While public opinion was fed images of a war torn resourceless developing country, the realities are otherwise: Afghanstan is a rich country as confirmed by Soviet era geological surveys.

The issue of “previously unknown deposits” sustains a falsehood. It excludes Afghanstan’s vast mineral wealth as a justifiable casus belli. It says that the Pentagon only recently became aware that Afghanistan was among the World’s most wealthy mineral economies, comparable to The Democratic Republic of the Congo or former Zaire of the Mobutu era. The Soviet geopolitical reports were known. During the Cold War, all this information was known in minute detail:

… Extensive Soviet exploration produced superb geological maps and reports that listed more than 1,400 mineral outcroppings, along with about 70 commercially viable deposits … The Soviet Union subsequently committed more than $650 million for resource exploration and development in Afghanistan, with proposed projects including an oil refinery capable of producing a half-million tons per annum, as well as a smelting complex for the Ainak deposit that was to have produced 1.5 million tons of copper per year. In the wake of the Soviet withdrawal a subsequent World Bank analysis projected that the Ainak copper production alone could eventually capture as much as 2 percent of the annual world market. The country is also blessed with massive coal deposits, one of which, the Hajigak iron deposit, in the Hindu Kush mountain range west of Kabul, is assessed as one of the largest high-grade deposits in the world. (John C. K. Daly,  Analysis: Afghanistan’s untapped energy, UPI Energy, October 24, 2008, emphasis added)

Afghanistan’s Natural Gas

Afghanistan is a land bridge. The 2001 U.S. led invasion and occupation of Afghanistan has been analysed by critics of US foreign policy as a means to securing control  over the strategic trans-Afghan transport corridor which links the Caspian sea basin to the Arabian sea.

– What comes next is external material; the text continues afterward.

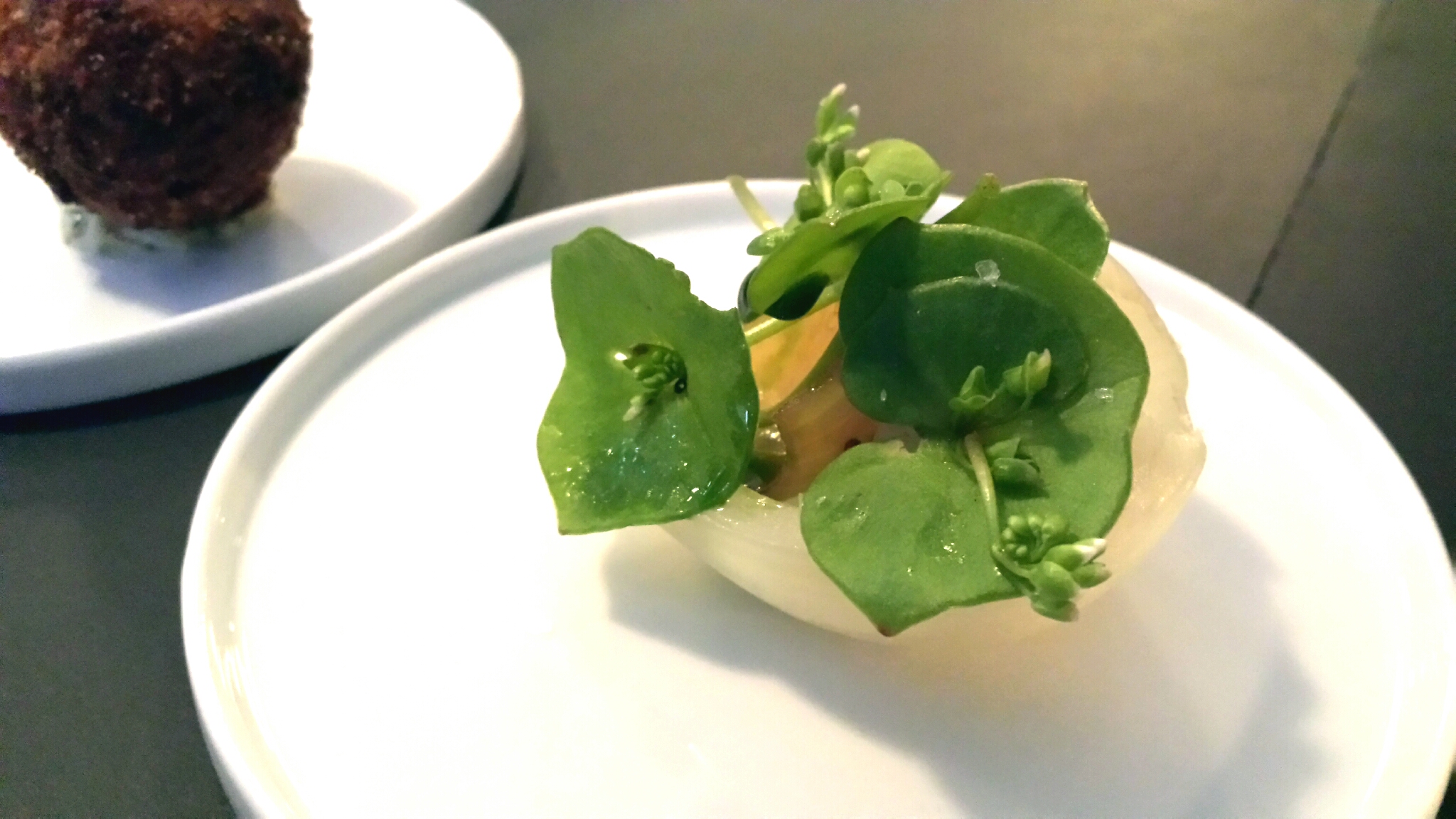These little beauties were smoked mackerel and foie gras served in an onion cup that had been steamed in whey. It was smooth and creamy, almost mousse-like. This might have taken best of the night, though it was neck-and-neck with the next dish.

Several trans-Afghan oil and gas pipeline projects have been contemplated including the planned $8.0 billion TAPI pipeline project (Turkmenistan, Afghanistan, Pakistan, India) of 1900 km., which would transport Turkmen natural gas across Afghanistan in what is described as a “crucial transit corridor”. (See Gary Olson, Afghanistan has never been the ‘good and necessary’ war; it’s about control of oil, The Morning Call, October 1, 2009). Military escalation under the extended Af-Pak war bears a relationship to TAPI. Turkmenistan possesses third largest natural gas reserves after Russia and Iran. Strategic control over the transport routes out of Turkmenistan have been part of Washington’s agenda since the collapse of the Soviet union in 1991.

What was rarely contemplated in pipeline geopolitics, however, is that Afghanistan is not only adjacent to countries which are rich in oil and natural gas (e.g Turkmenistan), it also possesses within its territory sizeable untapped reserves of natural gas, coal  and oil. Soviet estimates of the 1970s placed “Afghanistan’s ‘explored’ (proved plus probable) gas reserves at about 5  trillion cubic feet. The Hodja-Gugerdag’s initial reserves were placed at slightly more than 2 tcf.” (See, The Soviet Union to retain influence in Afghanistan, Oil & Gas Journal, May 2, 1988).

The US.Energy Information Administration (EIA) acknowledged in 2008 that Afghanistan’s natural gas reserves are “substantial”:

“As northern Afghanistan is a ‘southward extension of Central Asia’s highly prolific, natural gas-prone Amu Darya Basin,’ Afghanistan ‘has proven, probable and possible natural gas reserves of about 5 trillion cubic feet.’ (UPI, John C.K. Daly, Analysis: Afghanistan’s untapped energy, October 24, 2008)

From the outset of the Soviet-Afghan war in 1979, Washington’s objective has been to sustain a geopolitical foothold in Central Asia.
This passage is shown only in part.